Position on the PW diagram of the six stars that are known in the literature as ARRD stars but are classified here as DCEP_MULTI (black filled circles). For reference, red and blue dots show the PW for the same DCEP_F and DCEP_1O samples displayed in Fig. 18.

6.5. Validation with TESS photometry

For validation we used photometric data collected by the Transiting Exoplanet Survey Satellite (TESS, Ricker et al. 2015), which is collecting continuous photometry over a large (24° ×96°) area with four cameras with adjacent fields of view over segments of 27 days in length, called sectors. In mission years 1, 2, and 3, the field of view was rotated around the centre of camera 4, positioned towards the southern and then the northern and then again the southern ecliptic pole, while avoiding a 12-degree band along the Ecliptic. In year 4, five sectors were rotated so that all cameras were pointing towards the Ecliptic and observations cover a roughly 230° segment of it. We searched the full-frame image data up to Sector 43, which was the fourth sector in year 4 and the second along the Ecliptic. Sampling cadence of the full-frame images was initially 30 min in years 1–2, and was lowered to 10 min in the first extended mission (years 3–4).

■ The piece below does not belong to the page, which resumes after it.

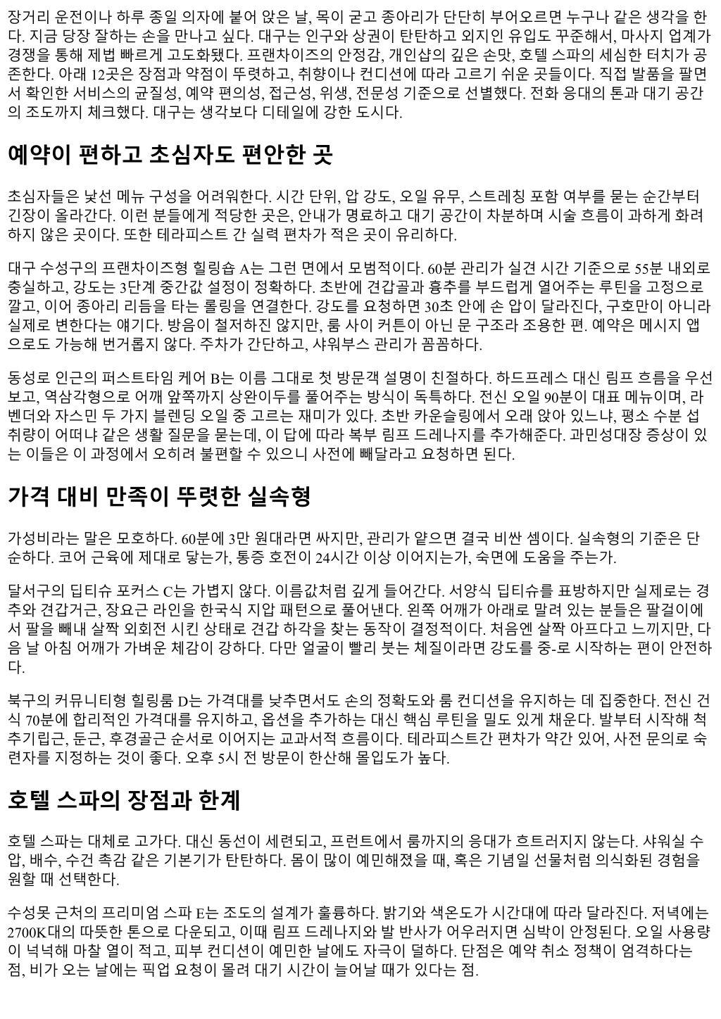 장거리운전이나하루종일의자에붙어앉은날, 목이굳고종아리가단단히부어오르면누구나같은생각을한 다. 지금당장잘하는손을만나고싶다. 대구는인구와상권이탄탄하고외지인유입도꾸준해서, 마사지업계가 경쟁을통해제법빠르게고도화됐다. 프랜차이즈의안정감, 개인샵의깊은손맛, 호텔스파의세심한터치가공 존한다. 아래 12곳은장점과약점이뚜렷하고, 취향이나컨디션에따라고르기쉬운곳들이다. 직접발품을팔면 서확인한서비스의균질성, 예약편의성, 접근성, 위생, 전문성기준으로선별했다. 전화응대의톤과대기공간 의조도까지체크했다. 대구는생각보다디테일에강한도시다. 예약이편하고초심자도편안한곳 초심자들은낯선메뉴구성을어려워한다. 시간단위, 압강도, 오일유무, 스트레칭포함여부를묻는순간부터 긴장이올라간다. 이런분들에게적당한곳은, 안내가명료하고대기공간이차분하며시술흐름이과하게화려 하지않은곳이다. 또한테라피스트간실력편차가적은곳이유리하다. 대구수성구의프랜차이즈형힐링숍 A는그런면에서모범적이다. 60분관리가실견시간기준으로 55분내외로 충실하고, 강도는 3단계중간값설정이정확하다. 초반에견갑골과흉추를부드럽게열어주는루틴을고정으로 깔고, 이어종아리리듬을타는롤링을연결한다. 강도를요청하면 30초안에손압이달라진다, 구호만이아니라 실제로변한다는얘기다. 방음이철저하진않지만, 룸사이커튼이아닌문구조라조용한편. 예약은메시지앱 으로도가능해번거롭지않다. 주차가간단하고, 샤워부스관리가꼼꼼하다. 동성로인근의퍼스트타임케어 B는이름그대로첫방문객설명이친절하다. 하드프레스대신림프흐름을우선 보고, 역삼각형으로어깨앞쪽까지상완이두를풀어주는방식이독특하다. 전신오일 90분이대표메뉴이며, 라 벤더와자스민두가지블렌딩오일중고르는재미가있다. 초반카운슬링에서오래앉아있느냐, 평소수분섭 취량이어떠냐같은생활질문을묻는데, 이답에따라복부림프드레나지를추가해준다. 과민성대장증상이있 는이들은이과정에서오히려불편할수있으니사전에빼달라고요청하면된다. 가격대비만족이뚜렷한실속형 가성비라는말은모호하다. 60분에 3만원대라면싸지만, 관리가얕으면결국비싼셈이다. 실속형의기준은단 순하다. 코어근육에제대로닿는가, 통증호전이 24시간이상이어지는가, 숙면에도움을주는가. 달서구의딥티슈포커스 C는가볍지않다. 이름값처럼깊게들어간다. 서양식딥티슈를표방하지만실제로는경 추와견갑거근, 장요근라인을한국식지압패턴으로풀어낸다. 왼쪽어깨가아래로말려있는분들은팔걸이에 서팔을빼내살짝외회전시킨상태로견갑하각을찾는동작이결정적이다. 처음엔살짝아프다고느끼지만, 다 음날아침어깨가가벼운체감이강하다. 다만얼굴이빨리붓는체질이라면강도를중-로시작하는편이안전하 다. 북구의커뮤니티형힐링룸 D는가격대를낮추면서도손의정확도와룸컨디션을유지하는데집중한다. 전신건 식 70분에합리적인가격대를유지하고, 옵션을추가하는대신핵심루틴을밀도있게채운다. 발부터시작해척 추기립근, 둔근, 후경골근순서로이어지는교과서적흐름이다. 테라피스트간편차가약간있어, 사전문의로숙 련자를지정하는것이좋다. 오후 5시전방문이한산해몰입도가높다. 호텔스파의장점과한계 호텔스파는대체로고가다. 대신동선이세련되고, 프런트에서룸까지의응대가흐트러지지않는다. 샤워실수 압, 배수, 수건촉감같은기본기가탄탄하다. 몸이많이예민해졌을때, 혹은기념일선물처럼의식화된경험을 원할때선택한다. 수성못근처의프리미엄스파 E는조도의설계가훌륭하다. 밝기와색온도가시간대에따라달라진다. 저녁에는 2700K대의따뜻한톤으로다운되고, 이때림프드레나지와발반사가어우러지면심박이안정된다. 오일사용량 이넉넉해마찰열이적고, 피부컨디션이예민한날에도자극이덜하다. 단점은예약취소정책이엄격하다는 점, 비가오는날에는픽업요청이몰려대기시간이늘어날때가있다는점.

The spatial resolution of TESS is limited to 21″ px−1. Therefore, although it is capable of reaching the brighter Cepheids in the LMC and SMC, the images suffer from severe crowding and blending (Plachy et al. 2021). To avoid that, we only looked at Galactic Cepheids in this study. We cross-matched the Gaia coordinates with the sector coverage using the Web TESS Viewing Tool10 and then queried the TESS Quick Look Pipeline (QLP) database for light curves (Kunimoto et al. 2021; Huang et al. 2020a,b). The pre-processed QLP light curves have a faint limit of T = 15 mag, which is equivalent to the same GRP magnitude, and are produced primarily for searches of exoplanet transits. As a consequence, not all Cepheid candidates have good QLP light curves. Therefore, we also extracted photometry from the full-frame images with the eleanor software, which is capable of both pixel aperture and PSF photometry and post-processing of the light curves via regression against a systematic error model or via principal component analysis (Feinstein et al. 2019). We then selected the best light curves from the QLP and the four eleanor results (raw, corrected, PCA-corrected, and PSF photometry), and applied further corrections: sigma clipping to remove outliers and detrending to remove residual slow variations. For the trend removal, we used the method described by Bódi et al. (2022). Briefly, the algorithm searches for the dominant periodicity in the light curve, computes the phase dispersion of the folded data, and then fits a polynomial to the data by minimising against the phase dispersion. This way even high-order polynomials can be fitted that still follow the changes in average brightness and are much less affected by the effects of incomplete pulsation cycles at the edges.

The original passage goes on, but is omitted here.